I love train rides. I can't remember ever traveling by one in the United States, but on the other side of the world they add an extra dimension to the adventure. We chose to take the First Class train to Voronezh which would ensure a few critical things for two women who don't speak much of the language:
1. There would only be two beds in the compartment, and they would be occupied by us
2. There would be no smoke in the compartment, because neither of us smoke
3. All our items would be safe and secure because we would be sleeping on top of them!
The gentle rocking motion of the train rolling down the tracks usually makes for a pleasant night's sleep. Alas, that was a train I remember from a distant journey or downright fantasy land. This train with all of its above mentioned bonus options through first class turned into a bucking bronco at a rodeo around midnight.
Did my one year in age shrink these compartment beds, they sure seem a lot smaller than I remember? Stopping every thirty minutes (make that lurching and screeching to a dead halt) wasn't in the recesses of my romaniticized form of travel either. As I "rode the rails" through the Russian night, needless to say I wasn't sleeping.

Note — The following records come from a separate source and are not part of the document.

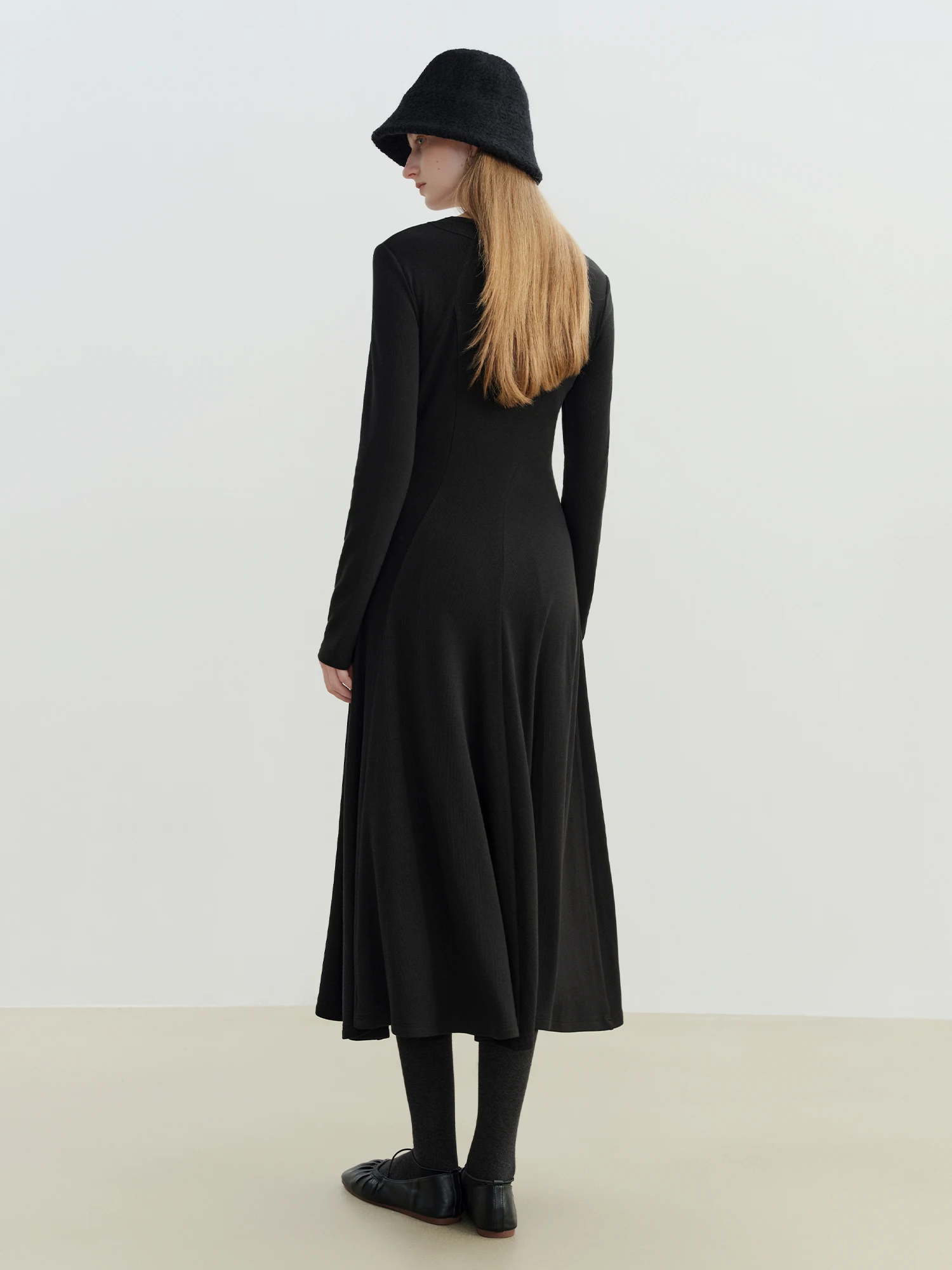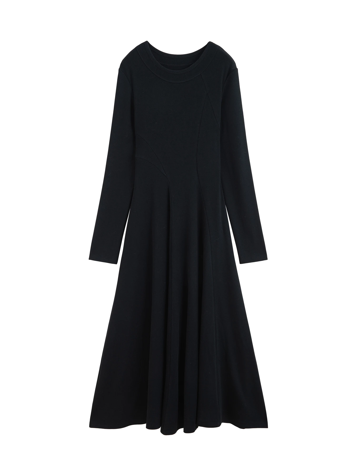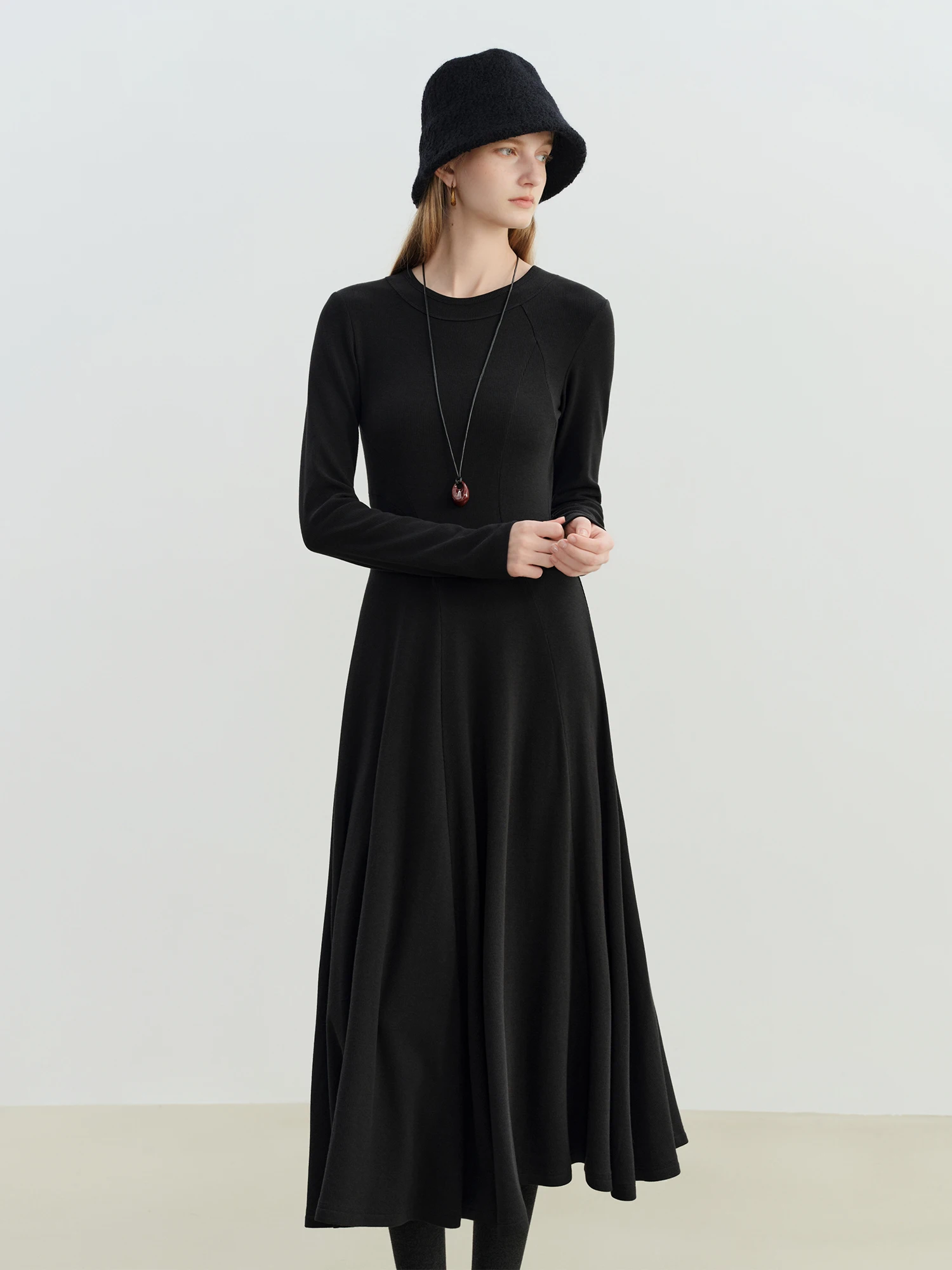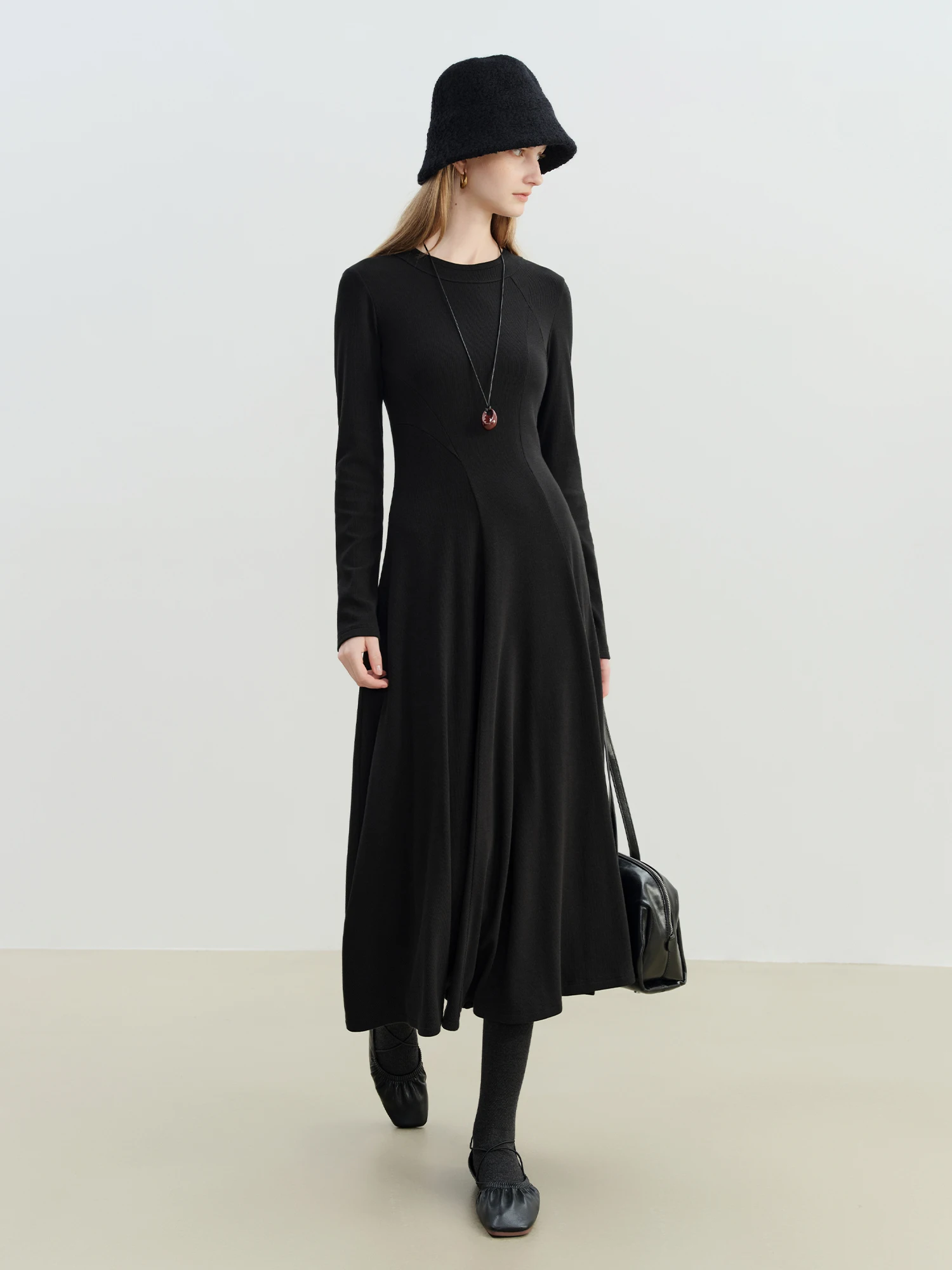 ZIQIAO 2025 Winter Women's Slim Fit Knit Dress - Round Neck Bodycon Little Black Dress Tummy Control Waist Elegant Mid-Length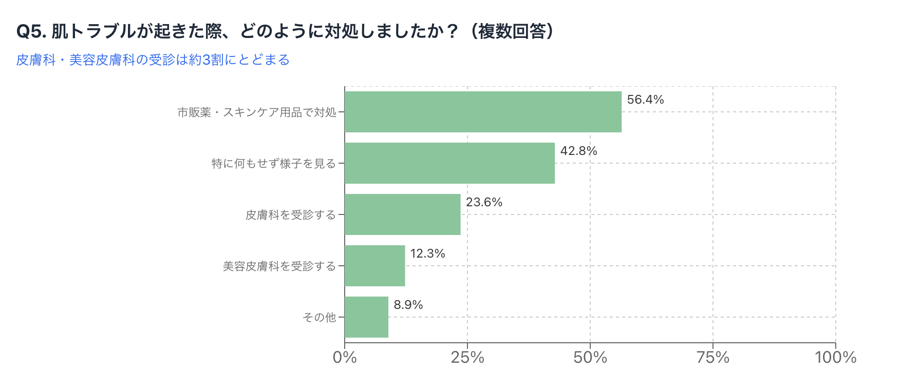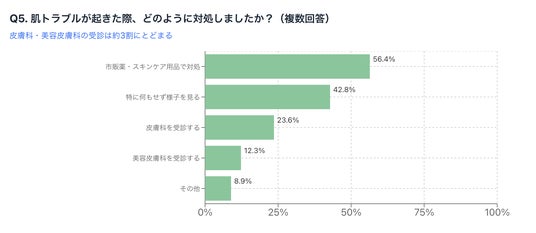 その結果、「市販薬・スキンケア用品で対処」が56.4%で最も多く、「特に何もせず様子を見る」(42.8%)が続きました。一方で、「皮膚科を受診する」は23.6%、「美容皮膚科を受診する」は12.3%にとどまり、専門家への相談が進んでいない実態が明らかになりました。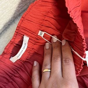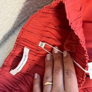 These pajama shorts are designed with a drawstring waist and breathable linen-blend fabric. These are size Extra small, they can fit a bigger size since they are stretchy. With a beautiful Coral Color looks more like a peachy color in person.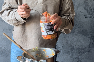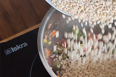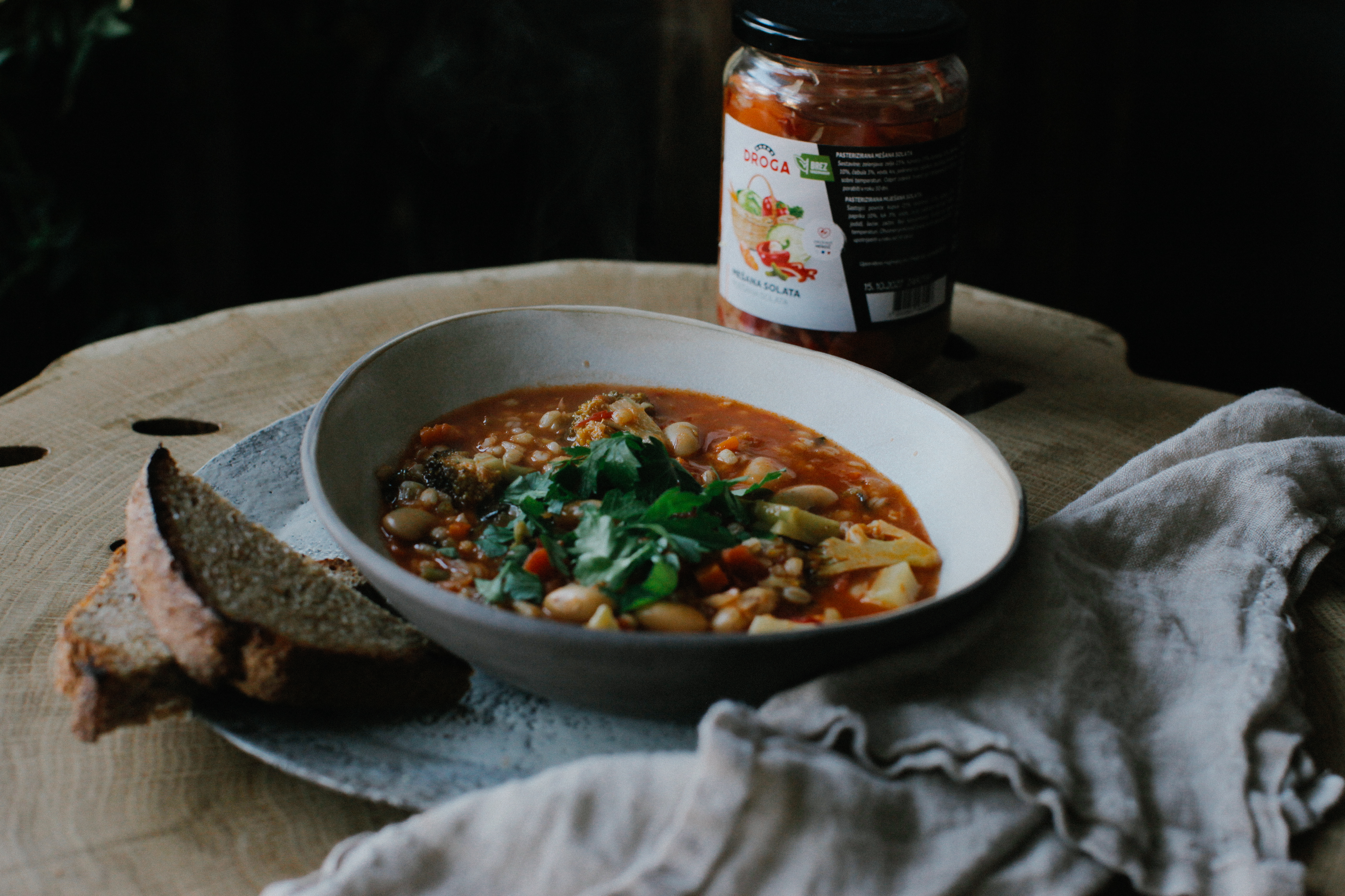 Topla, gosta juha med ričetom in mineštro - polna ješprenja, zelenjave in fižola, ki je zelo preprosta in pogreje telo na hladne deževne dni. Narejena na malo drugačen način z mešano solato DROGA, ki ustvari popolno ravnovesje med kislim in slanim.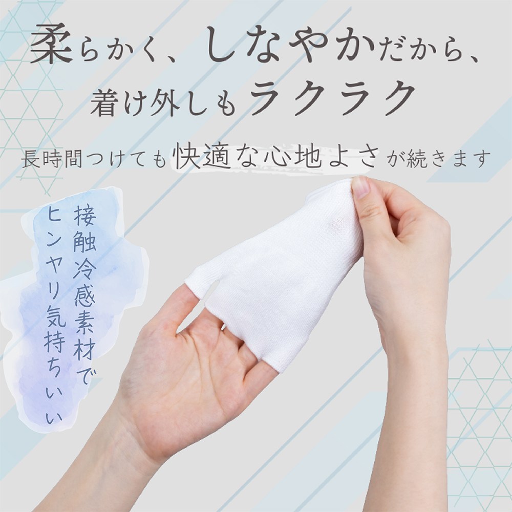 ヒンヤリすべすべとしたつけ心地で手袋のつけ外しもラクラク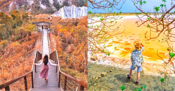 台南在地人的私房打卡秘境!園內擁有夢幻湖、月世界般的無敵景色,還隱藏了大片惡地景觀,不僅有著月球表面般的粗曠美,加上湖泊圍繞其中,與白堊土山陵完美結合,黃昏時兩旁的景致倒映在湖面上,宛如走進仙境般世外桃源,令人心曠神怡啊!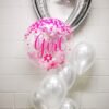 Helium filled 28 inch Boy Confetti Balloon, 1 x 18 inch Star, 1 x 11 confetti balloon, 2 x 11 inch printed balloons, 1 x 11 inch Chrome Balloons, latex base with water weights.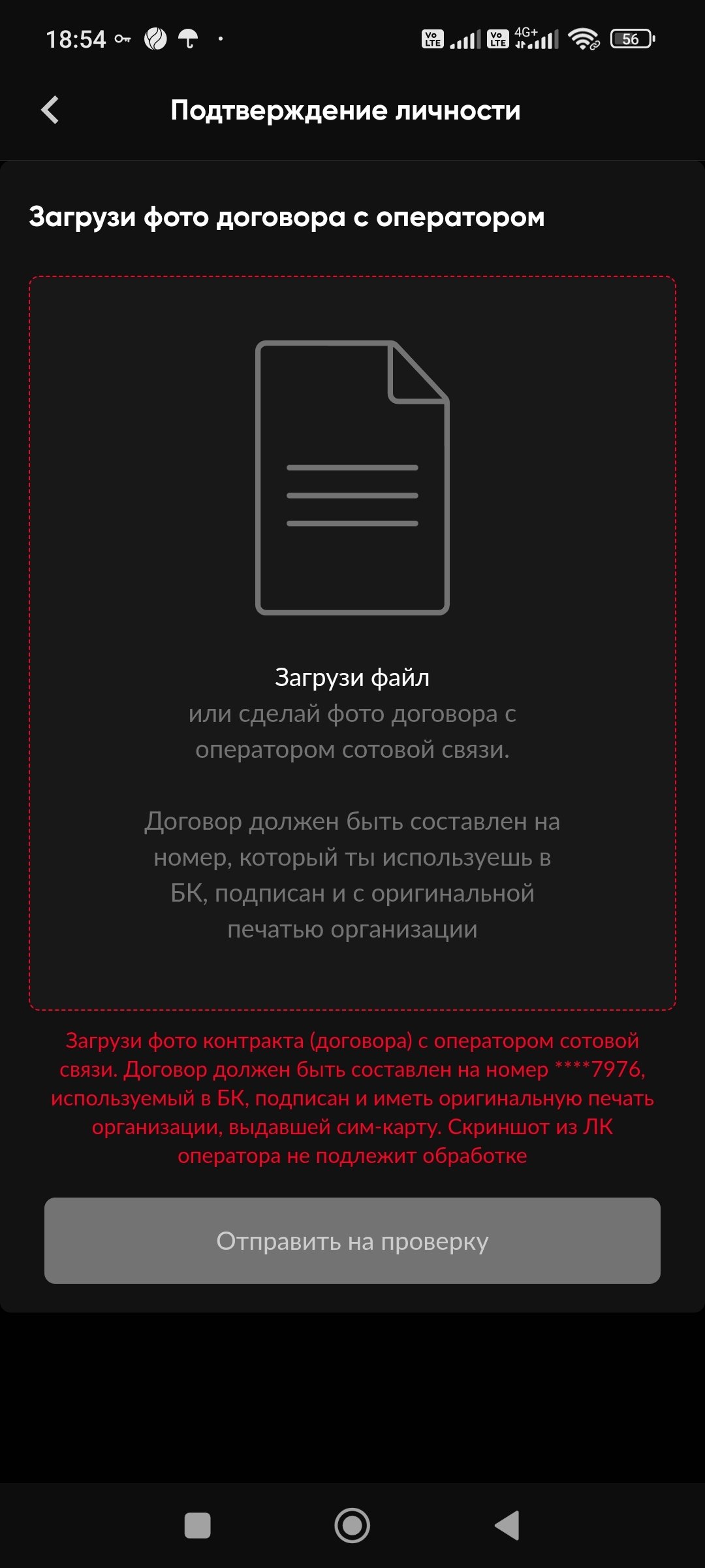 − скан/фотография договора с Оператором сотовой связи, заключенного на номер телефона,

By the time our alarm woke B and irritatingly reminded me of my state of consciousness, we were more than ready to get off. While the wild bronco ride had me awake, it made my companion nauseous. Not a fun way to start the day - until the final stop, and I looked out to see bright orange signs, and long-stemmed roses greeting us with our friends enthusiastically waving the Happy Birthday greetings!
It was so worth it. Our ordinary birthdays laid down and shared in extraordinary ways.
We arrived at the Hope House just as the guys were coming down to say a quick hello and goodbye before they were off for their first day of school (university, trade school or other institute of learning). I made all the arriving barely awake guys sing a chorus of "Happy Birthday." They laughed, familiar with the tune, but the English...?
All day we shared with different guys who would come in. B had a chance to meet them and interact as they made their way back out into the world that once rejected them.
In our conversations with A and R we heard a common thread, their taking of the "everyday, ordinary, things of their life" and laying them down as sacrifices before God in a faraway and unfamiliar land. Celebrating and investing in the lives of the young men here at Hope House as if they were their own flesh-born children. In many ways they are so much more than that. They are the Spirit-born gifts of the Father of the fatherless who has provided the strength and grace for them to do so.
"He that believes in Me, out of him shall flow rivers of living water." John 7:38
We are privileged to watch the flowing river of their love, run up and down the stairs; come in and grab a boiled egg to go, after A. reminds them they "need to eat something" before starting their day. We admired the overflow of that flood of rushing water looking at the new shoe rack designed for the entry hall, and built by R and V on a cloudy afternoon. We sat with Z, who probably understood 90% of what was being said, but spoke not a word, he just sat, enjoying the warmth of being included as "family."
"Be good friends who love deeply..." Romans 12:10 The Message
Loving, learning and letting the rivers flow!